### [Assignment]
Where pictures appear, omit them, and copy exactly only the lines from the start of the listing through the line containing "The Synthetic Aperture", both included.

### [Data below]
◇ ◇ ◇ ◇ ◇

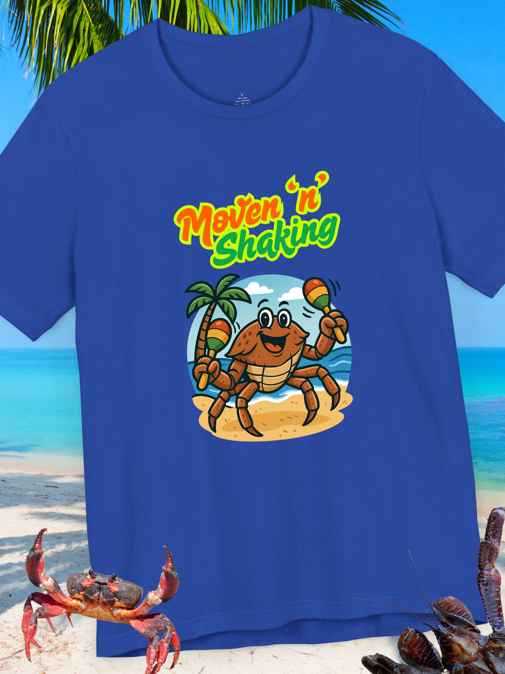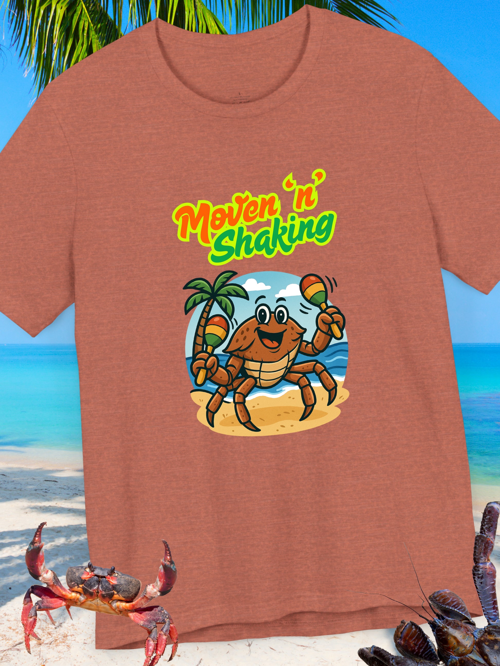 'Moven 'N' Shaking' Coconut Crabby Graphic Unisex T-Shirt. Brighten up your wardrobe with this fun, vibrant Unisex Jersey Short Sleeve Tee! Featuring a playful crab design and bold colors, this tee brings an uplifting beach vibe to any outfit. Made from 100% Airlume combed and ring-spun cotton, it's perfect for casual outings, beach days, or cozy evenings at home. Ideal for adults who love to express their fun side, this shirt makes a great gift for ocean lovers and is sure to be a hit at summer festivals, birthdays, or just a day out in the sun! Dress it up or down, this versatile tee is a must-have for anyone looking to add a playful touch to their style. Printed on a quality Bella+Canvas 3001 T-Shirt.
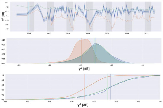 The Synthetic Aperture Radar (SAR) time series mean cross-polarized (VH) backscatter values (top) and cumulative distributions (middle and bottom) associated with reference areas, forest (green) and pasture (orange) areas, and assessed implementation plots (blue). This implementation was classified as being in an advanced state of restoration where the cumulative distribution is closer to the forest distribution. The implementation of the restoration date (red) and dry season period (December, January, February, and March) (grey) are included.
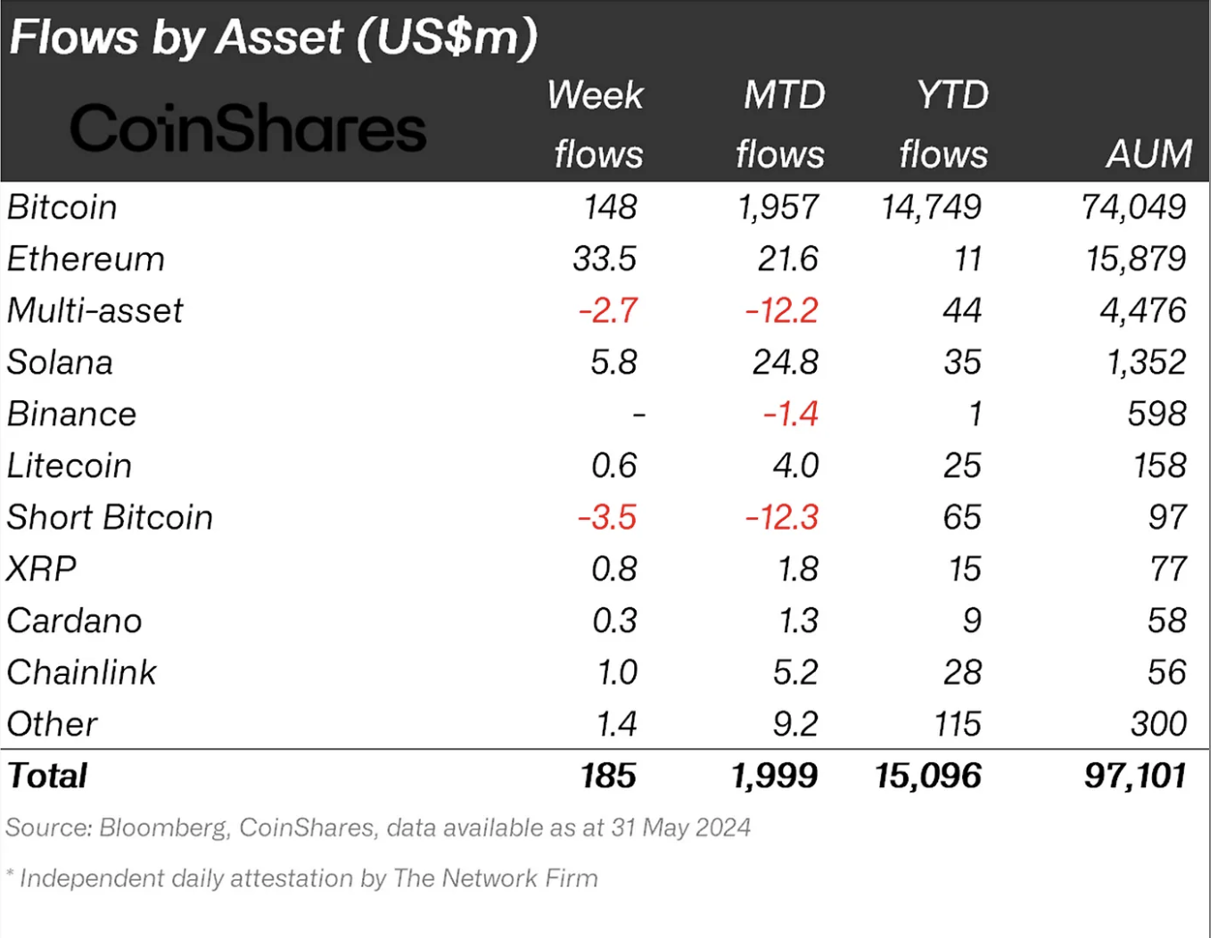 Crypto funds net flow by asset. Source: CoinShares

◇ ◇ ◇ ◇ ◇

### [Answer section]
 'Moven 'N' Shaking' Coconut Crabby Graphic Unisex T-Shirt. Brighten up your wardrobe with this fun, vibrant Unisex Jersey Short Sleeve Tee! Featuring a playful crab design and bold colors, this tee brings an uplifting beach vibe to any outfit. Made from 100% Airlume combed and ring-spun cotton, it's perfect for casual outings, beach days, or cozy evenings at home. Ideal for adults who love to express their fun side, this shirt makes a great gift for ocean lovers and is sure to be a hit at summer festivals, birthdays, or just a day out in the sun! Dress it up or down, this versatile tee is a must-have for anyone looking to add a playful touch to their style. Printed on a quality Bella+Canvas 3001 T-Shirt.
 The Synthetic Aperture Radar (SAR) time series mean cross-polarized (VH) backscatter values (top) and cumulative distributions (middle and bottom) associated with reference areas, forest (green) and pasture (orange) areas, and assessed implementation plots (blue). This implementation was classified as being in an advanced state of restoration where the cumulative distribution is closer to the forest distribution. The implementation of the restoration date (red) and dry season period (December, January, February, and March) (grey) are included.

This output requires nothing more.